Might ge a good idea to prophylactically apply something like 5500 sealant over the insulator. Just thinking out loud.


any possibility you got some fuel with ethanol in it?

seems too much of a coincidence that they both started leaking at the same time.


I don't believe in coincidences, either, but the only fuel I've recently burned is my own 93 AKI no-ethanol fuel, the mogas at KMYJ/Mexico, MO, and 100LL at Cairo, IL.  I'll retest my 93 AKI tomorrow, but I'm pretty sure I tested it when I bought  the last batch for my tanker trailer.  The crumbling deterioration of the insulator looks like it has been going on for a while! However, one would think that surely a fuel sender would be ethanol resistant!


How do you make your own 93aki fuel?

How do you make your own 93aki fuel?

When I said "my own 93 AKI no-ethanol fuel," I meant the fuel I keep in my tanker trailer at my airstrip - I don't make it, I buy it at the gas station!  :>)


ok, My local non ethanol station only has I believe 87 octane

I'm fortunate I'm near a station with 87, 90, and 93 octane gas/no ethanol. 

They love it when I pull up with the trailer and buy 175 gallons of 93!  :>)


Interesting, I have a similar issue that if I completely fill the tanks then the pax side wing will leak fuel down the flapper on bracket. But if I don’t top all the way off then it is fine. I’ll take a look at this alternative sender you mention.

Very interesting, Thanks for the heads up. Something to watch as I've just started test flying my Cruzer. Additionly as a word of caution when removing screws with leaking fuel around, use a hand speedhandle and not a cordless electic tool. So easy to do out of habit. Tom

Thanks for the heads up. Your 750 and mine are the exact same age and within 100 hrs of total flight time so I’m taking a look at mine later today. This is one item I would change by going to a top mounted sender if I were to build another.

Could you post the Stewart Warner part # you are using? I assume they work with the existing OHM range Of our guages. 

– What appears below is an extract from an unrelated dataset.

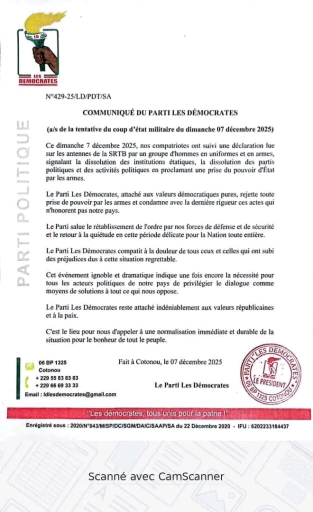 Des réactions s’enchaînent après les événements de ce dimanche 07 décembre 2025 relatifs à la tentative du putsch dont le Bénin a été victime. À travers un communiqué, le parti Les Démocrates s’est prononcé en remettant toute prise de pouvoir par les armes et condamne avec la dernière rigueur ces actes qui n’honorent pas le Bénin. Le principal parti de l’opposition salue le rétablissement de l’ordre par les forces de défense et de sécurité et le retour à la quiétude.

The Stewart Warner senders are 385B-F (left) and 385C-F (right). I ordered from Van's Aircraft for about $35 each, but later found you could get them through a link on the Stewart Warner website for about $30 each.  They are 33 ohm (full) to 240 ohm (empty) senders.  The exact values aren't important in my case since I can calibrate my MGL EMS to any range of resistance.  If one was using a dedicated, analog fuel gauge, then of course the resistance range of the sender would have to match the gauge.  You can use your old screws if you wish, but many of the Van's builders recommend using socket head cap screws - probably easier to get back out if you sealed them with ProSeal.  You won't need a gasket if you seal the sender's circumference with ProSeal and Van's recommends NOT using a gasket - ProSeal only.

I agree with you - if I had to do it again, I'd definitely top-mount the senders with an access plate immediately above!  In fact, like I said, if one of these new senders ever fails, I'd seriously consider cutting an access hole above the tank and top-mounting the new sender.  I'd hate to have to drill out the top wing root skins like I did this time, but with the ProSeal installation, it would be very difficult to get the old sender out.  If it wasn't leaking, I just leave it!  The beauty of ProSeal, however, is that if there ever is a leak but the sender is OK otherwise, I can just slather some more Proseal over it to seal it.

Good to see you at the Homecoming, Jimmy!